El día que Bruno Villanueva decidió por fin entregar su carta de dimisión amaneció con una fuerte tormenta sobre la ciudad. Las calles se habían convertido en ríos desbocados que arrastraban todo aquello que se interponía en su camino: excrementos de perro, bolsas de plástico, cartones, botellas de vidrio e incluso alguna rata despistada a la que la lluvia había sorprendido lejos de su guarida. Bruno, de cincuenta años y más de media vida dedicada a la crítica cinematográfica, no pudo evitar sentirse dichoso ante aquel panorama, pues sabía que en las películas la lluvia representaba en ocasiones una metáfora del bautismo, un renacer, una segunda oportunidad para el protagonista. Pensó que cuanto mayor fuera la fuerza con que el agua golpeara los cristales de su dormitorio mayor sería la probabilidad de triunfo en esa nueva vida. Estaba firmemente decidido a memorizar así aquel amanecer: no sólo como una casual coincidencia climatológica sino también como un guiño del destino, una señal clavada en su camino para indicarle que todo iría bien, que había tomado la decisión correcta. Era su primer pensamiento positivo en los últimos meses.

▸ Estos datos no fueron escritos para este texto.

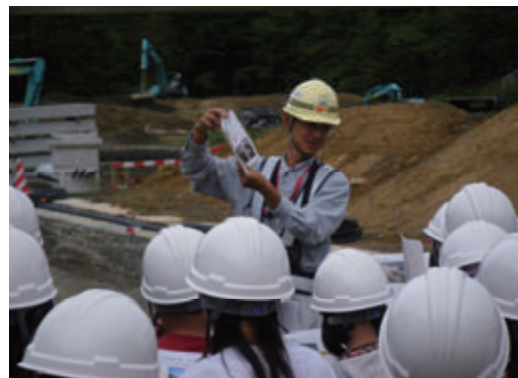
活動名:No.4 現場見学会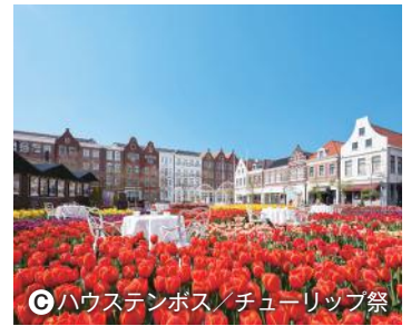
◎ハウステンボス/チューリップ祭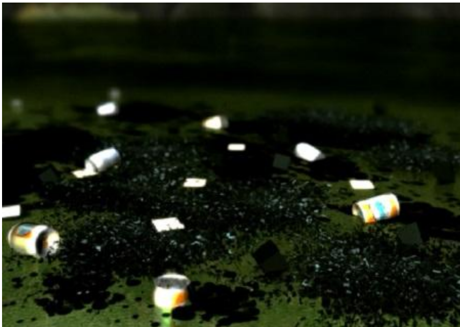
Spot sobre aguas contaminadas.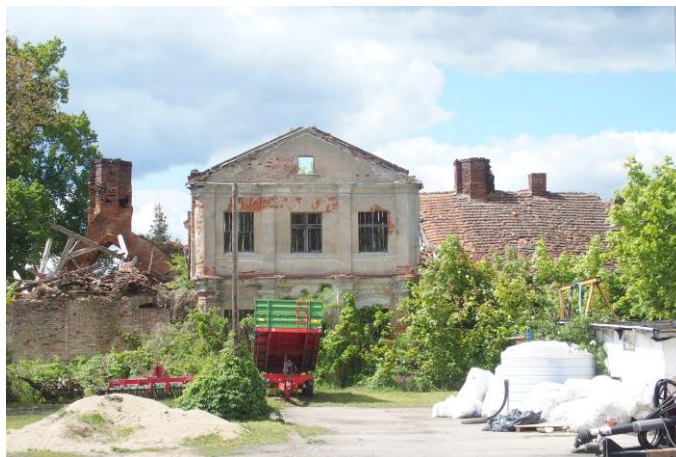
Zdjęcie nr 26. Rezydencja Opatów - dwór w Starym Dworku (nr 34)

Dwór położony jest w zachodniej części wsi, w sąsiedztwie zakola rzeki Obry, do której sięga park dworski. Dwór wraz z kościołem stojącym na nawsiu, pośrodku miejscowości, tworzy kompozycję osiową, niegdyś połączoną budynkiem wieży bramnej, rozebranej w początkach XX w. Wygląd wieży znany jest z opisu oraz skróconej inwentaryzacji wykonanej w 1903 r. Za dworem rozciągał się tarasowy ogród, przez co siedziba opatów w Starym Dworku urastała do rangi miniaturowej rezydencji reprezentacyjnej w typie entre cour et jardin , wzbogaconej bryłą kościoła.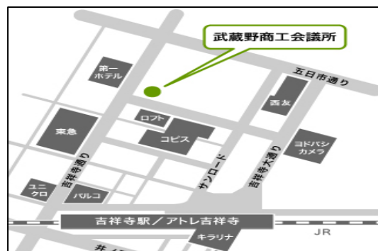
JR「吉祥寺駅」北口より徒歩5分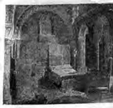
Интерьеръ Натроченіи, въ которомъ происходили мирные переговоры съ Румыніей. Будуаръ королевъ.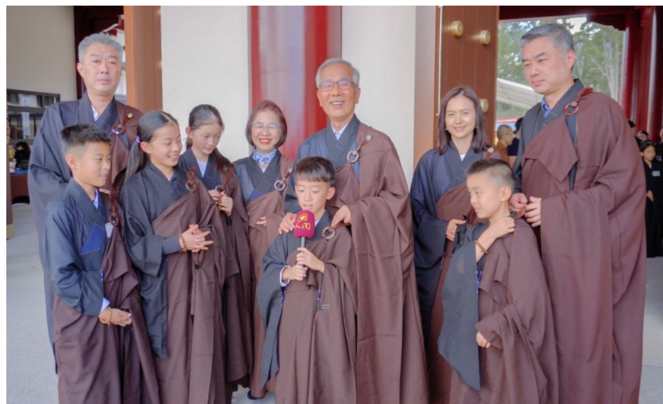
中天寺三皈五戒典禮 三代同堂幸福學佛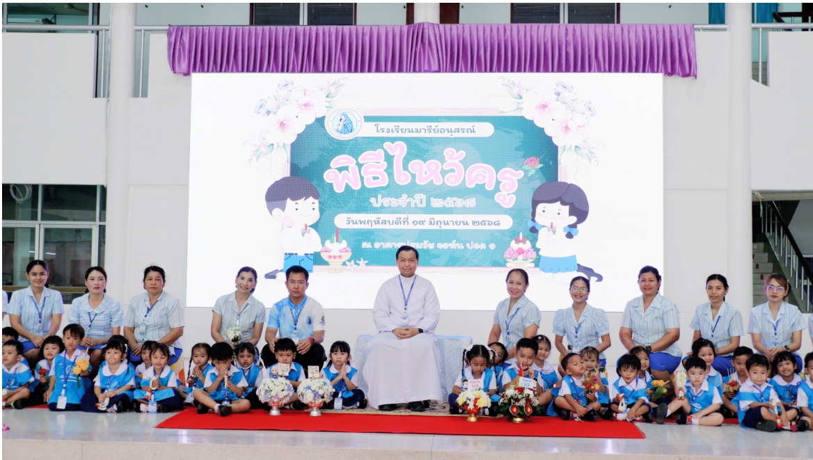
กิจกรรมวันไหว้ครูประจำปีการศึกษา ๒๕๖๘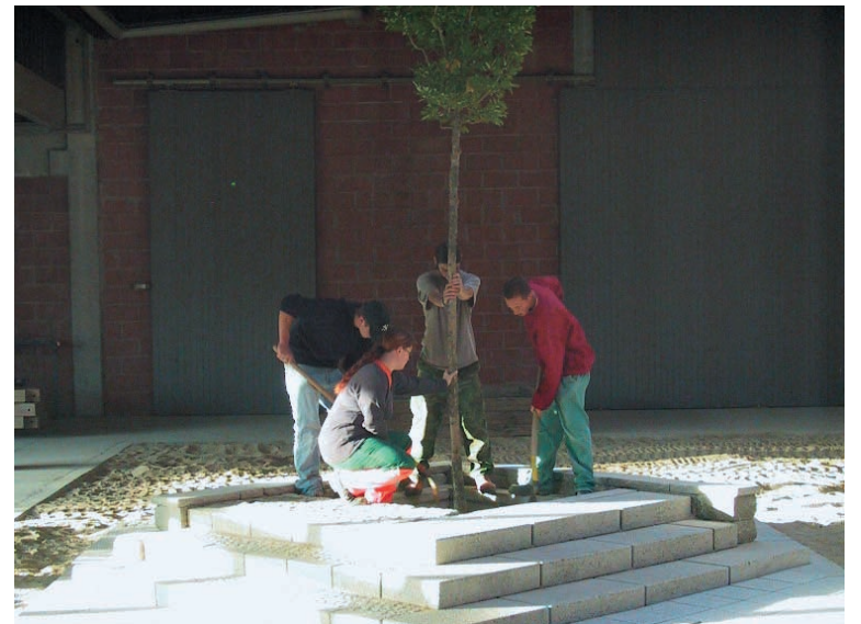
Einbau eines ARPANA®-Baumquartiers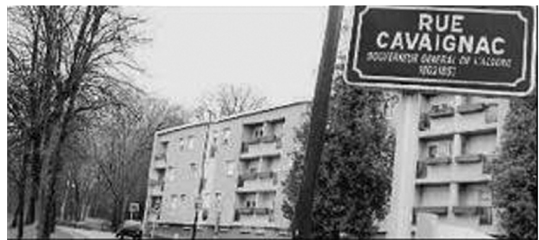
Fig. 4 : Remplacement à Metz du nom de la rue Cavaignac par celui de Raphaël Lévy en 2009.

Et c'est ainsi qu'à partir de quelques mots désinvoltes de Guy Patin, nous avons retracé l'histoire d'une erreur judiciaire qui a mis plus de trois siècles pour trouver enfin son épilogue.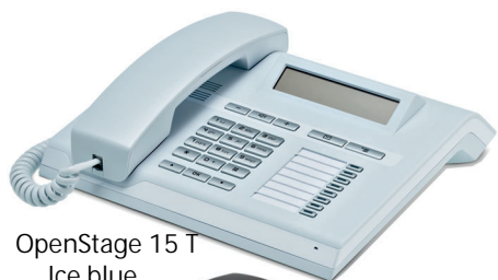
OpenStage 15 T Ice blue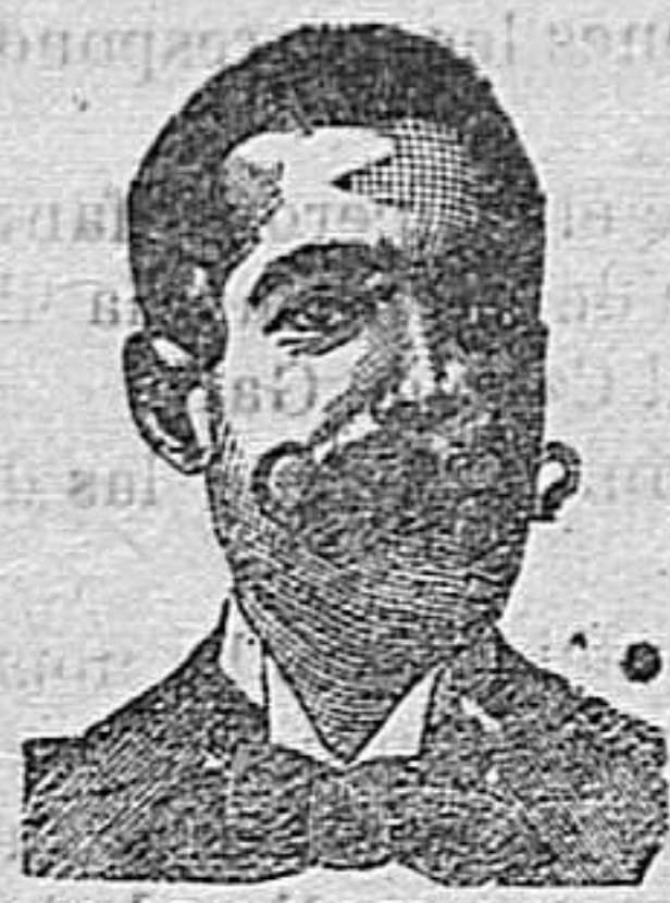
A. Sarvat Costanzi Diputación, 435, Barcelona

Calle de la Unión, número 38.—TARRAGONA Variado y económico surtido de gorras y sombreros de todas clases 38, Unión, 38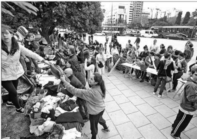
Plaza Moreno, frente a la Catedral, es uno de los lugares en los que se reciben donaciones (Foto). La ayuda de los platenses se reparte en las zonas más afectadas

Según el municipio, una de cada cuatro viviendas platenses fue directamente afectada por la inundación. Y las pérdidas globales ascenderían a 2.600 millones de pesos, según la estimación preliminar. Empieza la reconstrucción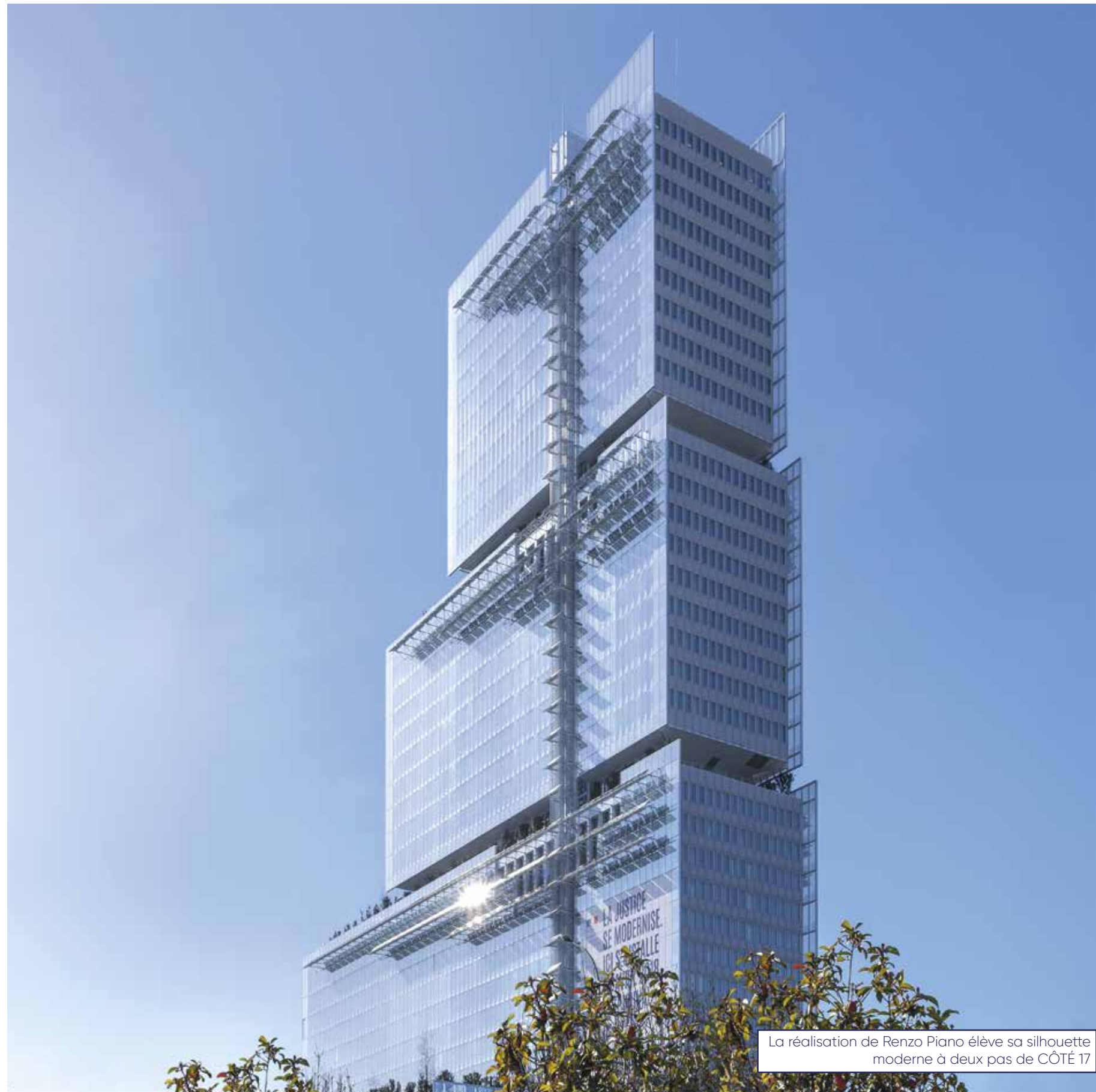
La réalisation de Renzo Piano élève sa silhouette moderne à deux pas de CÔTÉ 17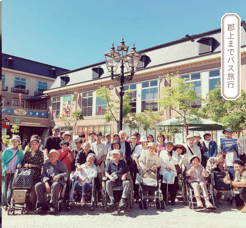
郡上までバス旅行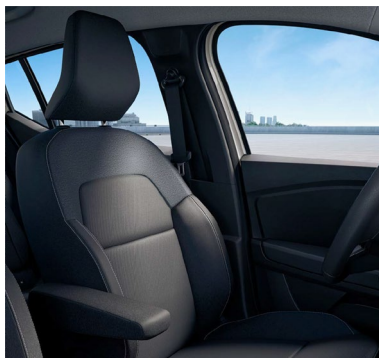
Υφασμάτινες επενδύσεις καθισμάτων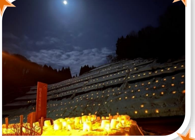
▲月明りに照らされるほくほく大島駅の雪ほたる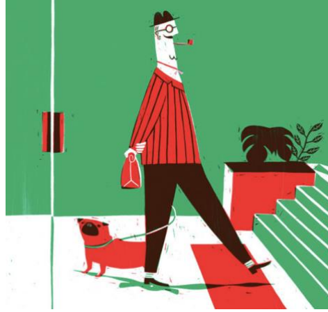
Görsel 5. Catarina Sobral, kavramsal illüstrasyon örneği.

puro'lu karakter merdivenlere doğru ilerlerken, köpeği onun tam zıttı yönünde geriye doğru gitmektedir. İkonografik eksende ele aldığımızda, illüstratif karakterin geçmiş ve gelecek olarak ikileme olduğu ve düşüncelerinde ikililik yaşadığı dile getirilebilir.

Con el desayuno tragó la primera de las cinco pastillas que consumía al día. Era una píldora de color azul y tamaño medio, un compuesto a base de escitalopram que le ayudaba a pasar por alto ideas como la que en ese preciso momento amenazaba con estropear su feliz mañana: la coincidencia entre la lluvia y su decisión de entregar la carta no había sido casual. La carta llevaba más de un mes en el cajón de su escritorio, y si no había salido de allí antes no era porque no estuviera seguro de abandonar el trabajo o porque temiera las consecuencias de una decisión tan drástica, sino únicamente porque la ciudad atravesaba entonces una larga temporada de cielos despejados y clima seco. Sí, Bruno Villanueva, de cincuenta años, había esperado durante semanas a que llegara la lluvia antes de presentar su renuncia laboral.

Mientras desayunaba fue consciente por un momento de que algo anormal se escondía tras ese autoengaño. Se dijo a sí mismo que las precipitaciones atmosféricas no influían en el futuro de un ser humano, y que esperar la llegada de la lluvia para que el momento de entregar la carta fuera perfecto no era algo que se pudiera considerar propio de la conducta de un adulto. Pero la influencia de las películas en su vida era tan notable, o más bien su estado psíquico era entonces tan deficiente, que sabía que a fuerza de repetir aquella historia de las casualidades, las lluvias y las metáforas él mismo la acabaría creyendo, como ya le había ocurrido con otras muchas historias antes. Si él se convencía de que todo había sucedido de aquel modo, si lograba creer que la mañana en que decidió dejar el trabajo había amanecido casualmente con una gran tormenta, si veía aquella lluvia matutina como un buen augurio de futuro, la realidad acabaría plegándose a sus intereses y le concedería al fin la paz y la felicidad que tanto ansiaba.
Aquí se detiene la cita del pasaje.